> _What you need to do_:
Please write out the listing exactly, leaving each picture out.

> _Material provided_:

Segment Open

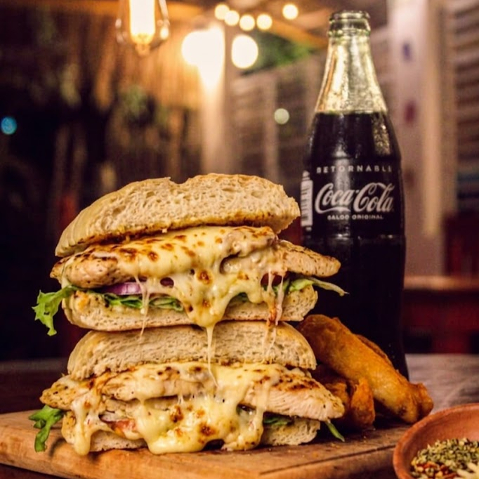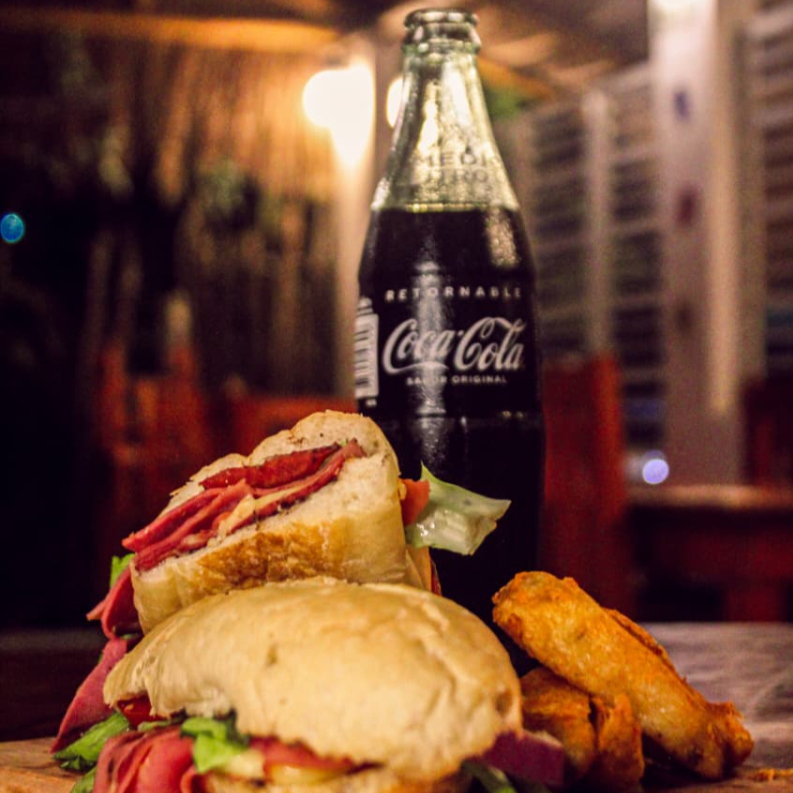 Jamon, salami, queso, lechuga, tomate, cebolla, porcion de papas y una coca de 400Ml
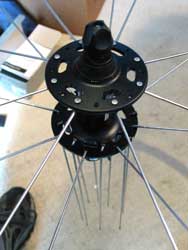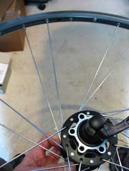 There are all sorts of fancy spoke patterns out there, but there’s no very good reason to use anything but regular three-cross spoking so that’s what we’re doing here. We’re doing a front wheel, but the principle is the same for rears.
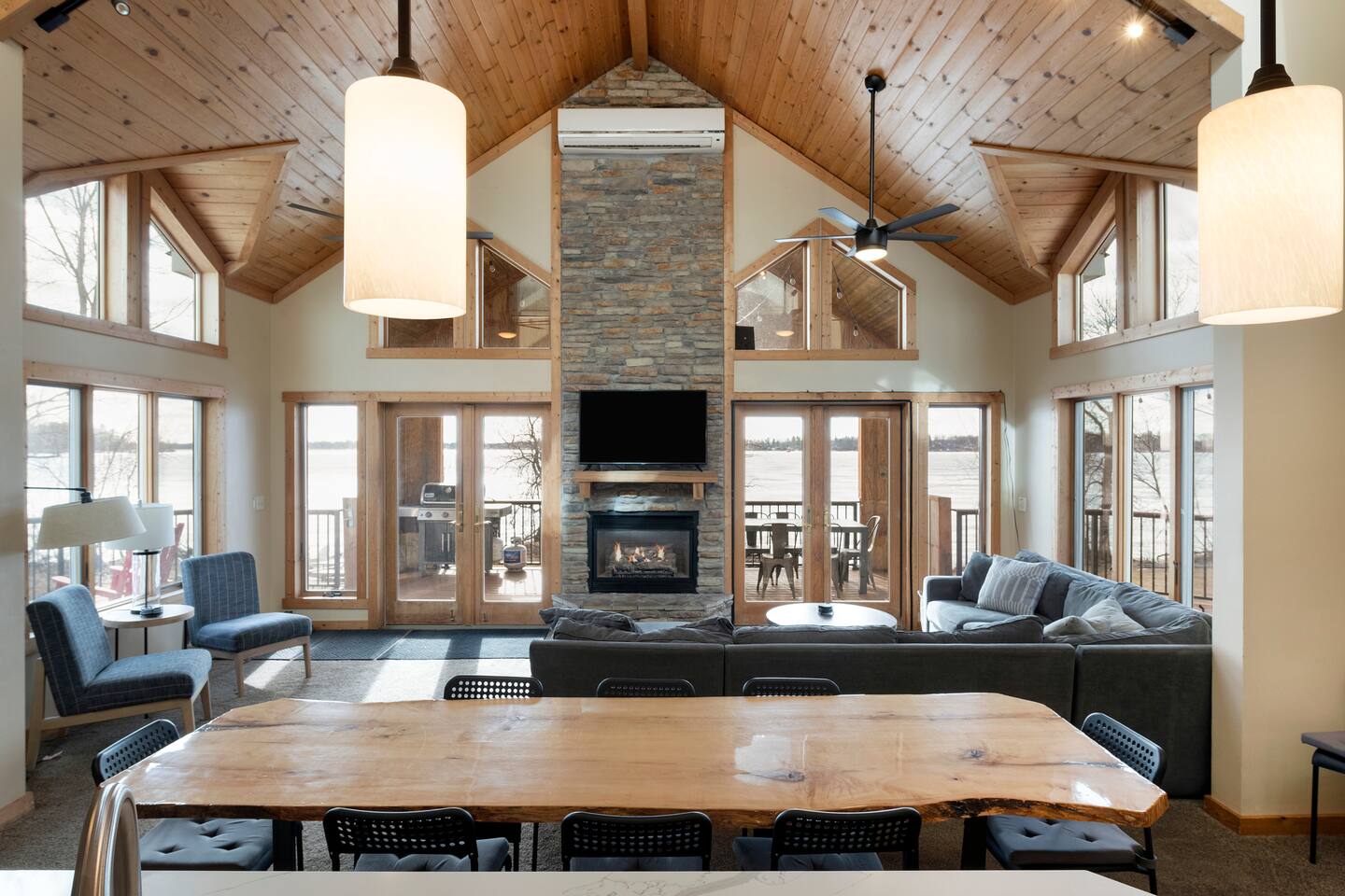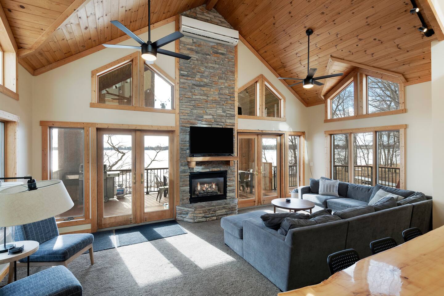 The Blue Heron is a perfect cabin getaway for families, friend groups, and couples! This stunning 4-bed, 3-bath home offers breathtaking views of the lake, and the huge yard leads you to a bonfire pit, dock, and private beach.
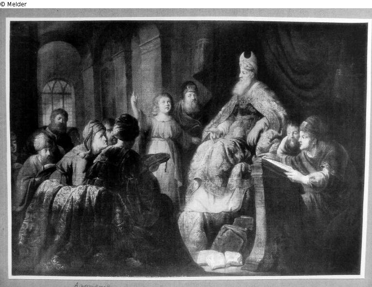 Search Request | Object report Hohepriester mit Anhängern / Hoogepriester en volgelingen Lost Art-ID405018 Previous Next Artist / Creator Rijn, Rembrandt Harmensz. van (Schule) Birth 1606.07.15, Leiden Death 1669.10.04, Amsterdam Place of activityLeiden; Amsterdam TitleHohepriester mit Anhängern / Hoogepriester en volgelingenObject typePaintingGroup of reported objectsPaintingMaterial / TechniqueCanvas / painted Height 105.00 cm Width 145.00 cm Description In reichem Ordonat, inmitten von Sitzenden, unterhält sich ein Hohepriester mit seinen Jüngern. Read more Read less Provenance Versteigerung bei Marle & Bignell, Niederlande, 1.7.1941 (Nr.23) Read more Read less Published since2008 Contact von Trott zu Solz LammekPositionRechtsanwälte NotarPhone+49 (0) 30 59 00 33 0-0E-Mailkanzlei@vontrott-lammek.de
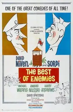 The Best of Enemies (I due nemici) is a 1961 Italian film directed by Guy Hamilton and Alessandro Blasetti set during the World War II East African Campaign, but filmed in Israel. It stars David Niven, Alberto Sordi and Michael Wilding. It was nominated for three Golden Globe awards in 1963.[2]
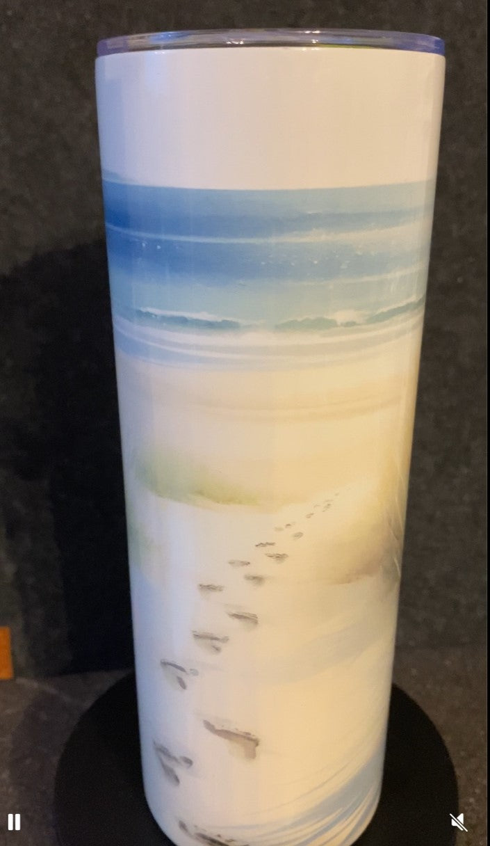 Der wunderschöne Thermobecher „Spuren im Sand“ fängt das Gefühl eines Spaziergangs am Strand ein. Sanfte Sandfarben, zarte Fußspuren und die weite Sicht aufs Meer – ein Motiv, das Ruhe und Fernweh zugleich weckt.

Segment Closed

> _Result_:
 Jamon, salami, queso, lechuga, tomate, cebolla, porcion de papas y una coca de 400Ml
 There are all sorts of fancy spoke patterns out there, but there’s no very good reason to use anything but regular three-cross spoking so that’s what we’re doing here. We’re doing a front wheel, but the principle is the same for rears.
 The Blue Heron is a perfect cabin getaway for families, friend groups, and couples! This stunning 4-bed, 3-bath home offers breathtaking views of the lake, and the huge yard leads you to a bonfire pit, dock, and private beach.
 Search Request | Object report Hohepriester mit Anhängern / Hoogepriester en volgelingen Lost Art-ID405018 Previous Next Artist / Creator Rijn, Rembrandt Harmensz. van (Schule) Birth 1606.07.15, Leiden Death 1669.10.04, Amsterdam Place of activityLeiden; Amsterdam TitleHohepriester mit Anhängern / Hoogepriester en volgelingenObject typePaintingGroup of reported objectsPaintingMaterial / TechniqueCanvas / painted Height 105.00 cm Width 145.00 cm Description In reichem Ordonat, inmitten von Sitzenden, unterhält sich ein Hohepriester mit seinen Jüngern. Read more Read less Provenance Versteigerung bei Marle & Bignell, Niederlande, 1.7.1941 (Nr.23) Read more Read less Published since2008 Contact von Trott zu Solz LammekPositionRechtsanwälte NotarPhone+49 (0) 30 59 00 33 0-0E-Mailkanzlei@vontrott-lammek.de
 The Best of Enemies (I due nemici) is a 1961 Italian film directed by Guy Hamilton and Alessandro Blasetti set during the World War II East African Campaign, but filmed in Israel. It stars David Niven, Alberto Sordi and Michael Wilding. It was nominated for three Golden Globe awards in 1963.[2]
 Der wunderschöne Thermobecher „Spuren im Sand“ fängt das Gefühl eines Spaziergangs am Strand ein. Sanfte Sandfarben, zarte Fußspuren und die weite Sicht aufs Meer – ein Motiv, das Ruhe und Fernweh zugleich weckt.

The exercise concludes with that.